Safely Pulling a Trailer
Tis the season – for boats, RVs & trailer that is. For some, pulling and backing a trailer is as easy as falling off the proverbial roof. For others, this task proves more daunting.
Driving a Larger Vehicle
The first aspect that many realize right away is the increased size of the unit they are now driving. Most passenger vehicles are 15 feet in length. Any trailer, therefore, is immediately going to at least double the size of the vehicle you are driving. And because you’re now driving a unit that is roughly 30 feet in length, it makes it nigh impossible to “pop round” to the local coffee shop drive-thru for a “cup a’ joe”.
In addition to the increased size, it is important to know the weight of your trailer and the towing capacity of the towing vehicle. Too many people have found themselves in trouble due to the fact that they attempted to haul a trailer too big or too heavy. Remember, it is you and your family that are going to be at risk, therefore, if there is any doubt whatsoever, seek a second opinion.
Driving to be Predictable
RV dealers or commercial driving schools will be more than happy to assist you to determine if your tow vehicle is capable of safely pulling the trailer you’ve purchased. As well, BC’s Towing a Recreational Trailer: what you need to know offers solid advice for drivers wanting to pull a trailer.
The bulk of motorists know that simply following the road rules is not the only force at work when operating a motor vehicle. The following:
• Proceeding through the intersection immediately after the light changes
• Driving with the flow of traffic
• Maintaining a constant speed
are all examples of social driving. Consequently, when pulling a trailer, there is a need for a mental shift in one’s driving. In other words, it is important to know about the social forces at work, and operate the towing vehicle according to its capabilities – not according to the social pressures applied as result of the few cars tailgating you as you proceed up a hill.

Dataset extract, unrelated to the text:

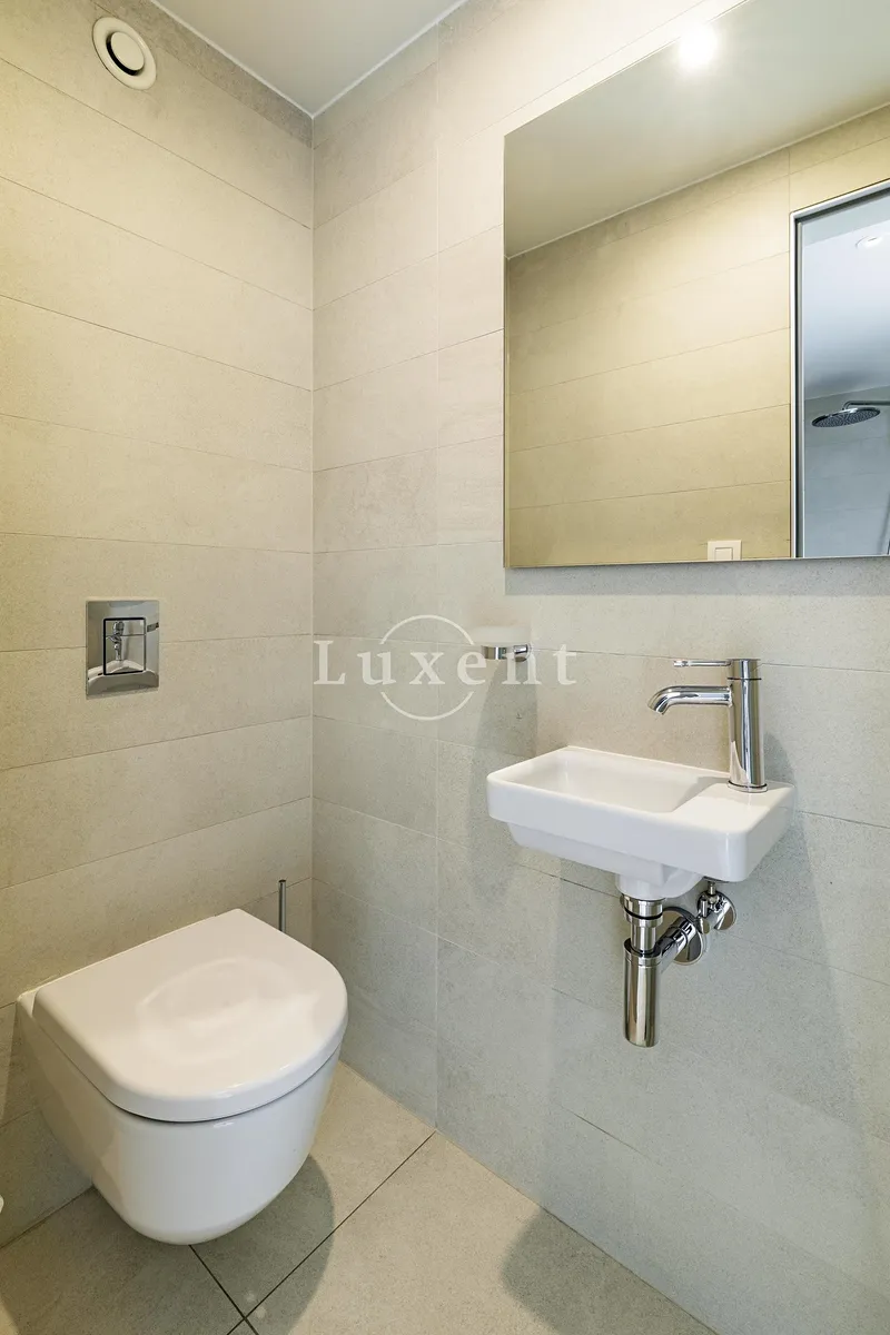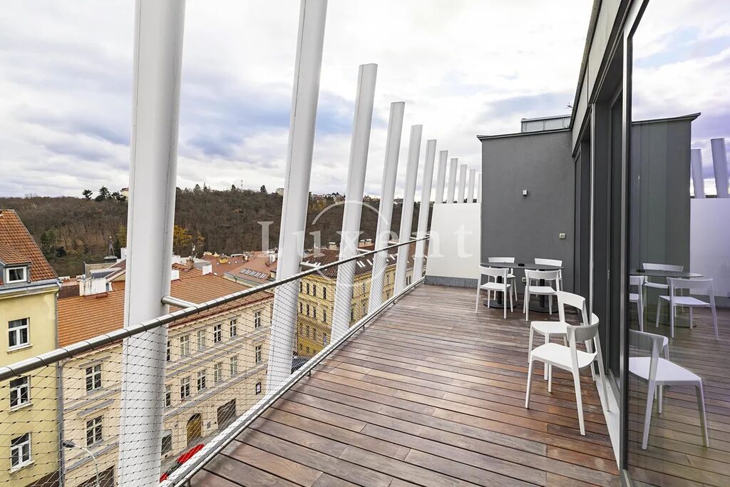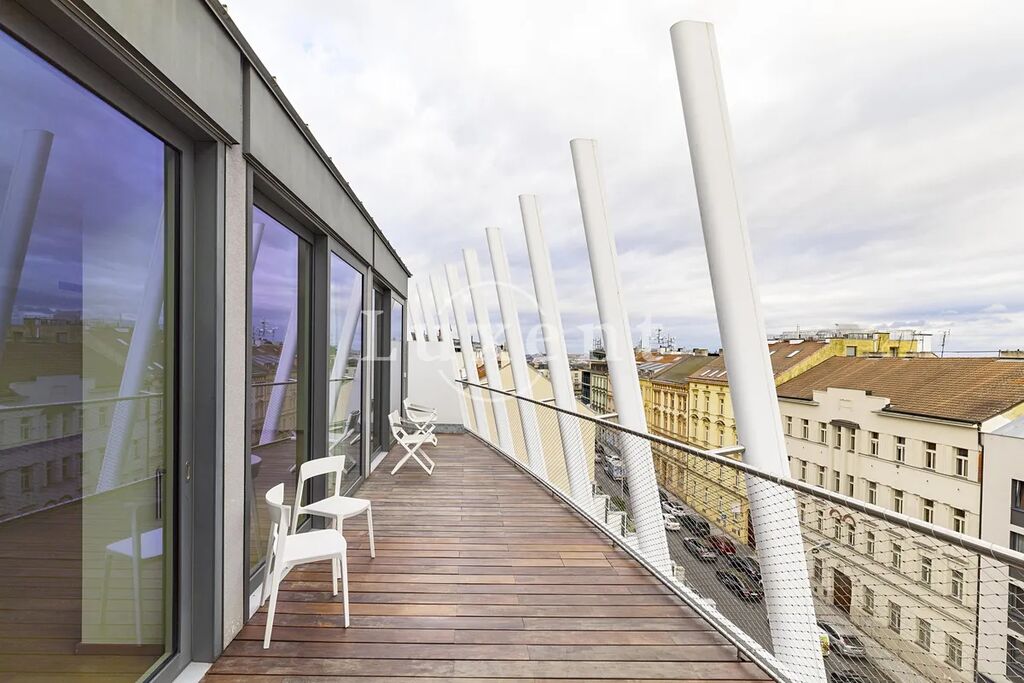Nabízíme k pronájmu prostorný mezonetový penthouse 4+kk o užitné ploše 212 m² se třemi terasami v 6. a 7. patře novostavby rezidenčního projektu s výtahem a množstvím nadstandardních doplňkových služeb jako je recepce, bazén, wellness a rozlehlá společná zahrada v uzavřeném vnitrobloku. K bytu náleží sklep a za příplatek lze pronajmout parkovací stání v podzemních garážích.

Increase Your Following Distance
With the above in mind therefore, it is important that you drive in the right-hand lane when on a multi-lane highway. Importantly, following distance must be increased to 3,4 or even 5 seconds when towing a larger trailer.
Driving overall is going to be a different experience with a trailer. First, the vehicle’s acceleration and braking are going to be negatively affected. In other words, the vehicle’s ability to reach highway speed is going to be reduced and your vehicle will require greater distances to stop. To compensate for the reduced braking, drivers should increase their following distance to 5 seconds.
As well, because of the slower acceleration, drive in the right-hand lanes when pulling a trailer.
To maintain control through curves and corners, slow the vehicle before entering, and then as you proceed through the turn, accelerate slightly. This way, the trailer does not push the power unit, which could potentially cause you to lose control. In tight spaces when turning, take turns as wide as possible so as not to hit objects with the trailer.
Most Parking Lots are Off-Limits
The majority of parking lots are simply off limits when pulling a trailer. Drivers that possess moderate skills will find that driving forward is much more desirable. In fact, parking generally is going to prove challenging. As a result, trip planning and navigation will save you a lot of grief. Despite a GPS device being accurate most of the time, it may not prove so reliable for larger vehicles. Use other sources such as Google maps to ensure accurate directions.
Good trip planning can save you the grief of backing out of a dead-end street or driveway.
Before departing conduct a thorough pre-trip inspection. The inspection should include the following items:
- Safety chains attached corrected.
- The hitch is locked and secured
- Lights work
- Tires are properly inflated – once a year the wheel bearings should be checked
- The load is secure and properly distributed – another person, for example, didn’t erroneously pile 6 flats of water at the back of your single axle camper trailer
- All doors, flaps and drawers are closed and secure
- Ensure that heavy objects inside the trailer are close to the floor, and over or slightly in front of the axle(s).
- See Towing a Recreational Trailer for a detailed description of a pre-trip inspection.
Towing a trailer offers many rewarding experiences from boating to RVing to snowmobiling and ATVing. If you are considering purchasing a trailer, follow the few simple guidelines above, take a moment to prepare yourself for the task ahead and conduct a pre-trip inspection. Proper planning and know-how will make your journey a safe one.
With the proper training, practice and information, towing a trailer is simple and effective. Provided are helpful guidelines and tips.
 For an explanation of determining following distance using time see SGI’s Handbook @: http://www.sgi.sk.ca/individuals/licensing/studyguides/drivershandbook/basicskills/timejudgement.html
 For a definition and explanation of off-tracking see: Driving Commercial Vehicles: a guide for professional drivers, 32.